-- Data excerpts --
++++++++++
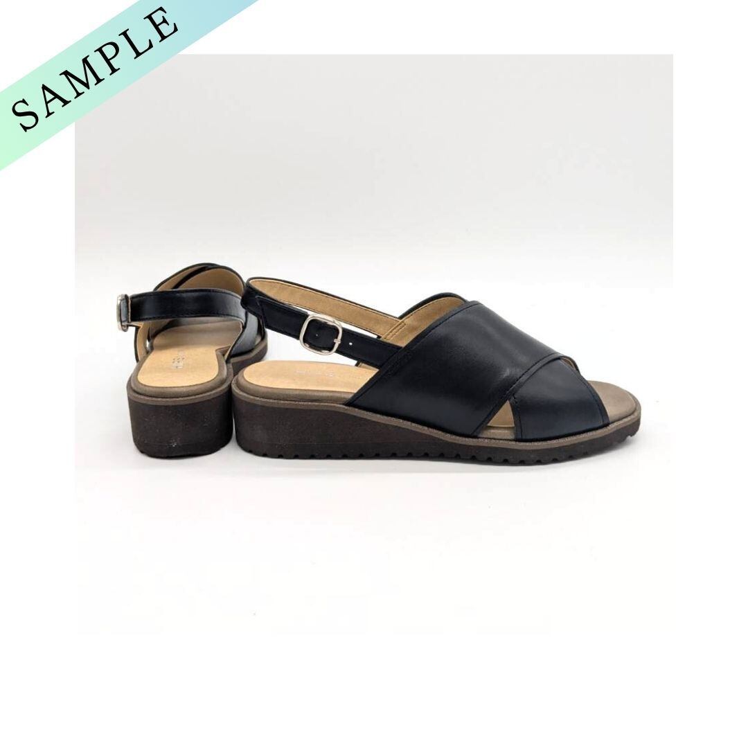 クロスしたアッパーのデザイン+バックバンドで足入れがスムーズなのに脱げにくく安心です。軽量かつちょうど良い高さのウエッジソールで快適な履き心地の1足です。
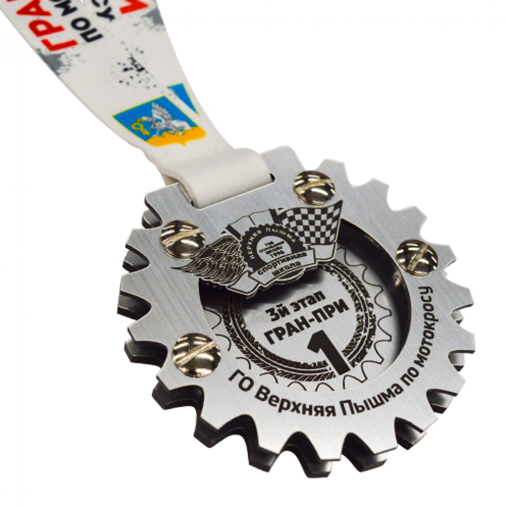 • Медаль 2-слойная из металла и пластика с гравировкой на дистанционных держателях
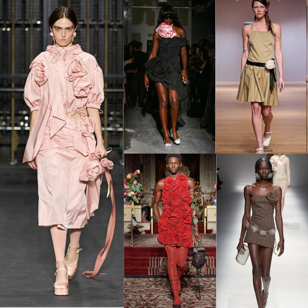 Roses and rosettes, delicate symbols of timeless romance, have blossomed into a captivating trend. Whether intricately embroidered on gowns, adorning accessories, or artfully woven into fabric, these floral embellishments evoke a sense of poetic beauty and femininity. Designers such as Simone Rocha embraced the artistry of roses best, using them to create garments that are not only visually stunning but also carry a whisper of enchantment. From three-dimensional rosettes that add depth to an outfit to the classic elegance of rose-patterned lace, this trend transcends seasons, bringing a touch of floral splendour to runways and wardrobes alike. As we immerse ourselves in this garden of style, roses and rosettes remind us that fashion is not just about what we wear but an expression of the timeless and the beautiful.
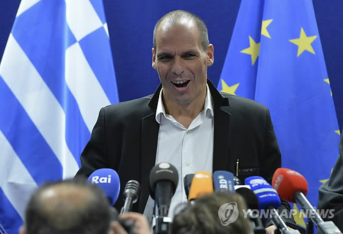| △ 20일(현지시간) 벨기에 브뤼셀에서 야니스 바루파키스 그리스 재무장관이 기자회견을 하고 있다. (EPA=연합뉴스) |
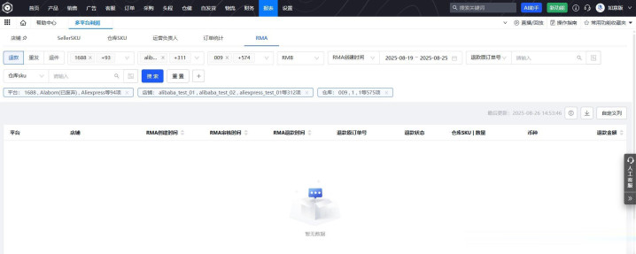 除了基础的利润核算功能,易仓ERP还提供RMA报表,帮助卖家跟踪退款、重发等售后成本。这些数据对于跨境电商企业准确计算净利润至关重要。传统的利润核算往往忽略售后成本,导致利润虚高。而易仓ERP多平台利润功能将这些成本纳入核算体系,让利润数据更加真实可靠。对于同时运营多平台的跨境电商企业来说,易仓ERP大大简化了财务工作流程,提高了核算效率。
++++++++++
-- Problem --
Your response must reproduce every line of the data exactly, with images omitted.

-- Expected answer --
 クロスしたアッパーのデザイン+バックバンドで足入れがスムーズなのに脱げにくく安心です。軽量かつちょうど良い高さのウエッジソールで快適な履き心地の1足です。
 • Медаль 2-слойная из металла и пластика с гравировкой на дистанционных держателях
 Roses and rosettes, delicate symbols of timeless romance, have blossomed into a captivating trend. Whether intricately embroidered on gowns, adorning accessories, or artfully woven into fabric, these floral embellishments evoke a sense of poetic beauty and femininity. Designers such as Simone Rocha embraced the artistry of roses best, using them to create garments that are not only visually stunning but also carry a whisper of enchantment. From three-dimensional rosettes that add depth to an outfit to the classic elegance of rose-patterned lace, this trend transcends seasons, bringing a touch of floral splendour to runways and wardrobes alike. As we immerse ourselves in this garden of style, roses and rosettes remind us that fashion is not just about what we wear but an expression of the timeless and the beautiful.
| △ 20일(현지시간) 벨기에 브뤼셀에서 야니스 바루파키스 그리스 재무장관이 기자회견을 하고 있다. (EPA=연합뉴스) |
 除了基础的利润核算功能,易仓ERP还提供RMA报表,帮助卖家跟踪退款、重发等售后成本。这些数据对于跨境电商企业准确计算净利润至关重要。传统的利润核算往往忽略售后成本,导致利润虚高。而易仓ERP多平台利润功能将这些成本纳入核算体系,让利润数据更加真实可靠。对于同时运营多平台的跨境电商企业来说,易仓ERP大大简化了财务工作流程,提高了核算效率。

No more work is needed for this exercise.